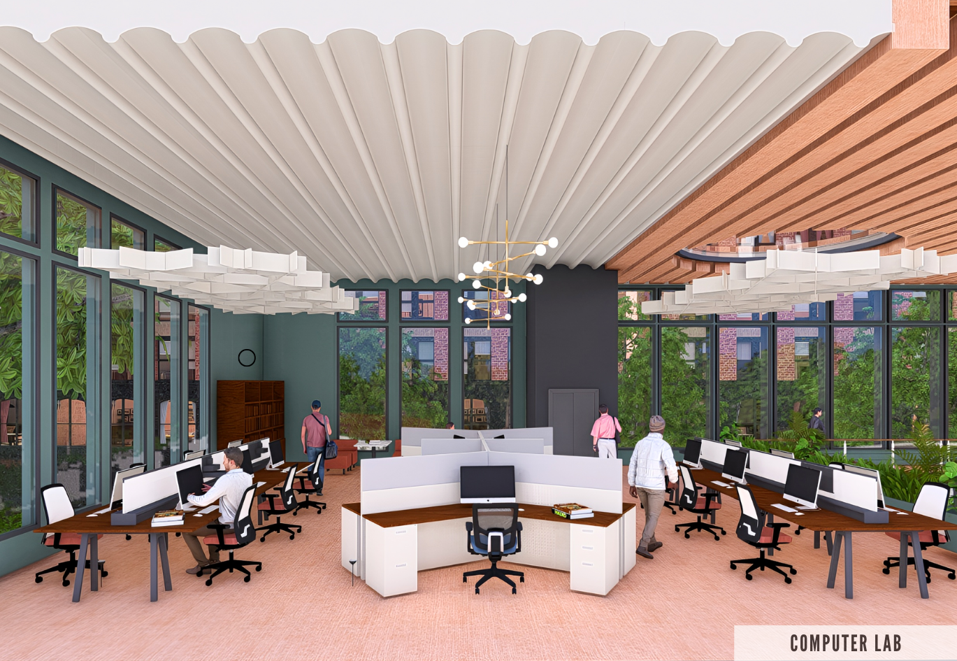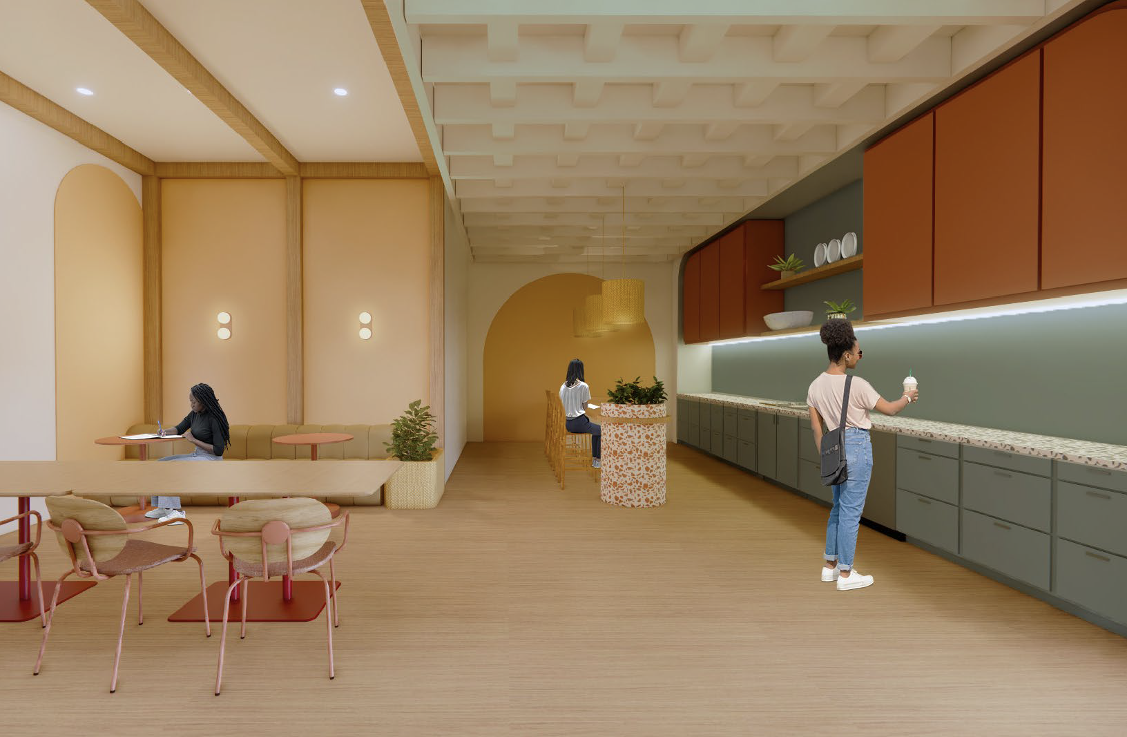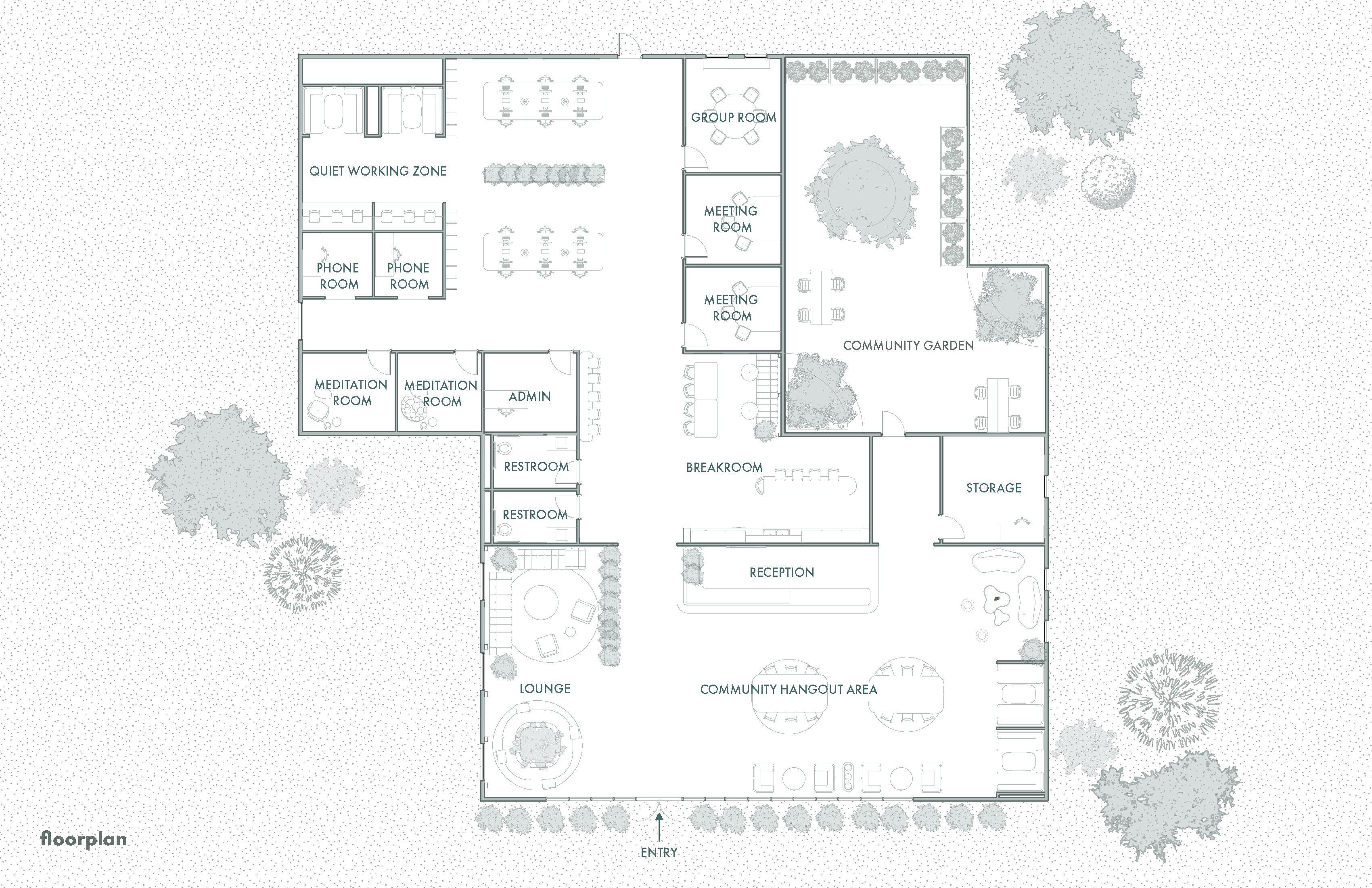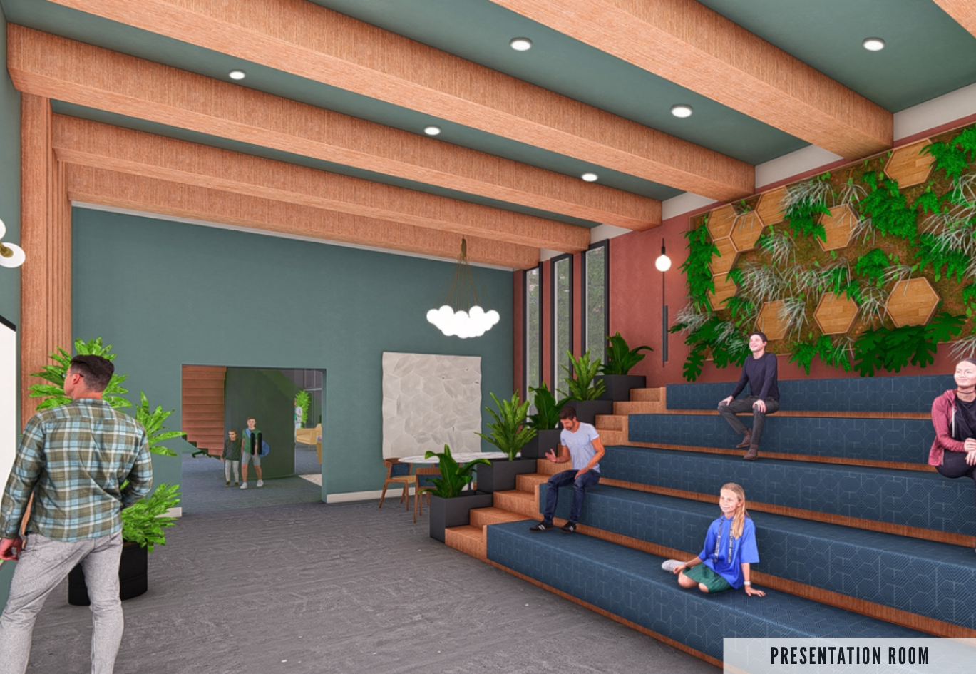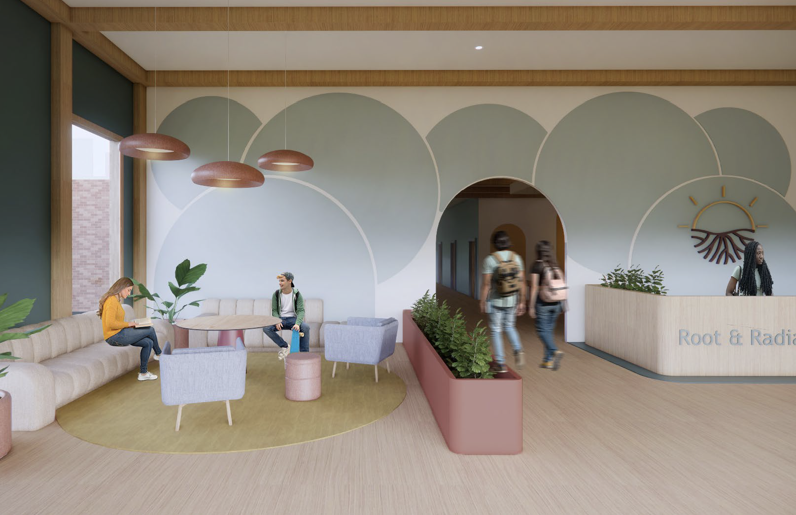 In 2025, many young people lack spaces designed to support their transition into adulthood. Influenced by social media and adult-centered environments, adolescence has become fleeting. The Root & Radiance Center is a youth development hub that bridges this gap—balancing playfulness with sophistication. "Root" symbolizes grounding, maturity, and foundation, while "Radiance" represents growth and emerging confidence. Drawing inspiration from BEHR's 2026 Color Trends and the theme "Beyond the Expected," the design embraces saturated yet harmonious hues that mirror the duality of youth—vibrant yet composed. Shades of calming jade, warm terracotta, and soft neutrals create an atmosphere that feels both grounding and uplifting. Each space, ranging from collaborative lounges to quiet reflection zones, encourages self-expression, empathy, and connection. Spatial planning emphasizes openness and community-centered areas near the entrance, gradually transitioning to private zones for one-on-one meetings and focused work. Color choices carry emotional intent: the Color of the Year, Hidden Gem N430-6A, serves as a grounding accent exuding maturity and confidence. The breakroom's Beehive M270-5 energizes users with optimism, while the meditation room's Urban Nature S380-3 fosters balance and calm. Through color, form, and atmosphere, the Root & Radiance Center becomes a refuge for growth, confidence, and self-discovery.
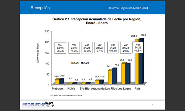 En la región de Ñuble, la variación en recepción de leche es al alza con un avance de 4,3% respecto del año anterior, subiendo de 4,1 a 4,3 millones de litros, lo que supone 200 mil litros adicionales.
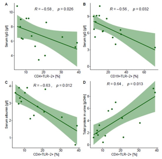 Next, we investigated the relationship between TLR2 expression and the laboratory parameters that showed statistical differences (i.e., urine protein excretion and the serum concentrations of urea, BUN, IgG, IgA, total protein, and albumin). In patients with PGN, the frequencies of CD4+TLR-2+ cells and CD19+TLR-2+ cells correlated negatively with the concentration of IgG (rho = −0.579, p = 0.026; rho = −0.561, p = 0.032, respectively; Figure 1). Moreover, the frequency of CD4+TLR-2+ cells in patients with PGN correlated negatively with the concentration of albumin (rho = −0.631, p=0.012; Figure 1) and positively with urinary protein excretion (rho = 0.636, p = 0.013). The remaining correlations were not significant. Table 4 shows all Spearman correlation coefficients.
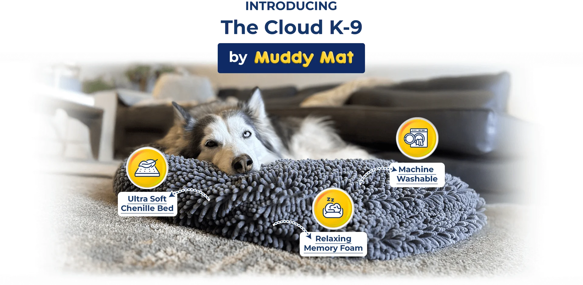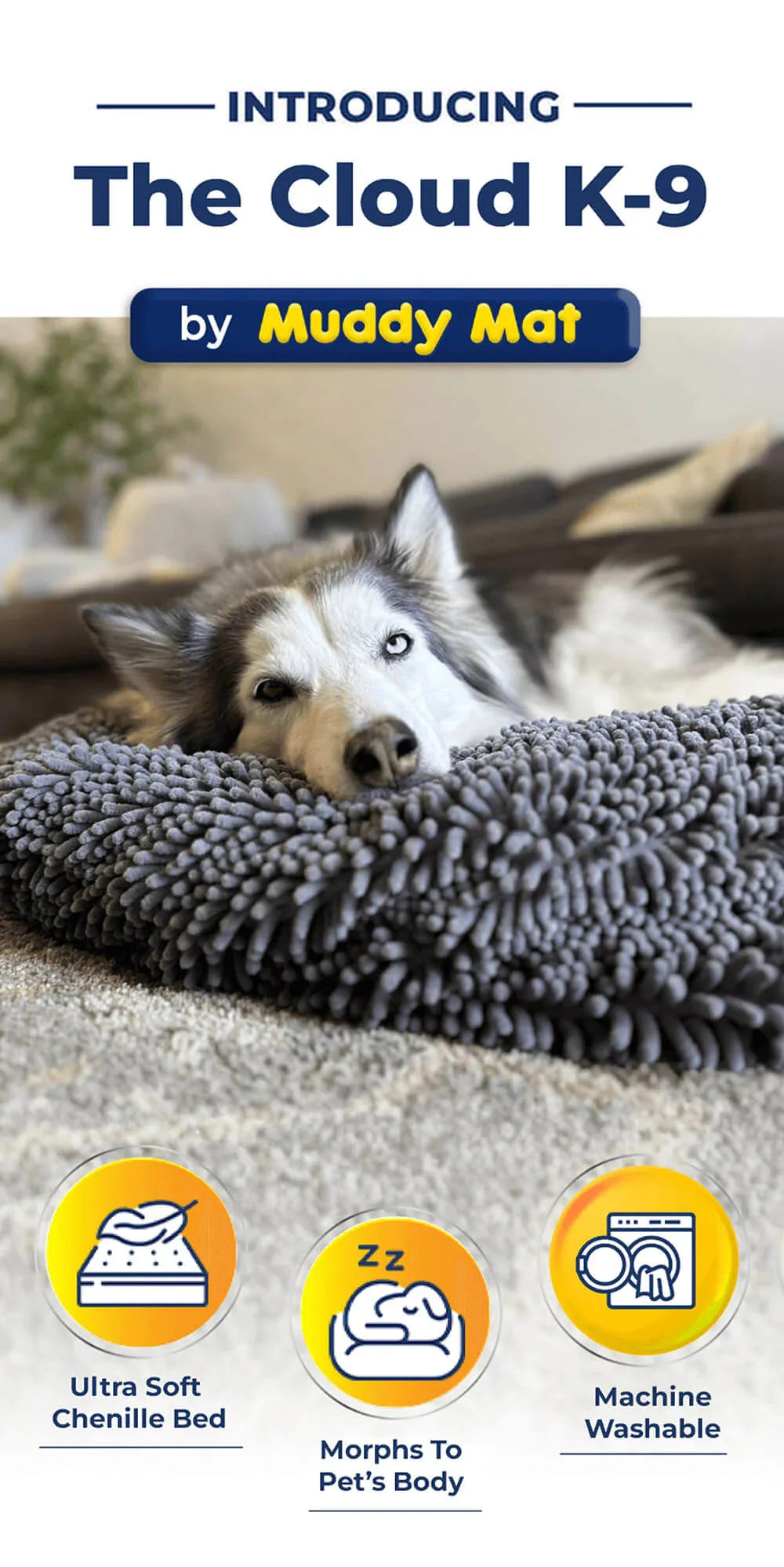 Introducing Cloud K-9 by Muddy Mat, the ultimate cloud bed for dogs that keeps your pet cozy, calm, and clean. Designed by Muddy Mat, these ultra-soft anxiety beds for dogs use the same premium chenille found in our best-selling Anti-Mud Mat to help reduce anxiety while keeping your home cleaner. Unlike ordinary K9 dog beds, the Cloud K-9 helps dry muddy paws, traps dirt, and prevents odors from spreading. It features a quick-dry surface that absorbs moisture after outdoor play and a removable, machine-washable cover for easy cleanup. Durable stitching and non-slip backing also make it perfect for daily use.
###
• What you need to do: If a picture sits between the line containing "En la región" and the line containing "Next, we investigated", leave it out, and return the lines of that range above exactly, both ends included.

• Output of the exercise:
 En la región de Ñuble, la variación en recepción de leche es al alza con un avance de 4,3% respecto del año anterior, subiendo de 4,1 a 4,3 millones de litros, lo que supone 200 mil litros adicionales.
 Next, we investigated the relationship between TLR2 expression and the laboratory parameters that showed statistical differences (i.e., urine protein excretion and the serum concentrations of urea, BUN, IgG, IgA, total protein, and albumin). In patients with PGN, the frequencies of CD4+TLR-2+ cells and CD19+TLR-2+ cells correlated negatively with the concentration of IgG (rho = −0.579, p = 0.026; rho = −0.561, p = 0.032, respectively; Figure 1). Moreover, the frequency of CD4+TLR-2+ cells in patients with PGN correlated negatively with the concentration of albumin (rho = −0.631, p=0.012; Figure 1) and positively with urinary protein excretion (rho = 0.636, p = 0.013). The remaining correlations were not significant. Table 4 shows all Spearman correlation coefficients.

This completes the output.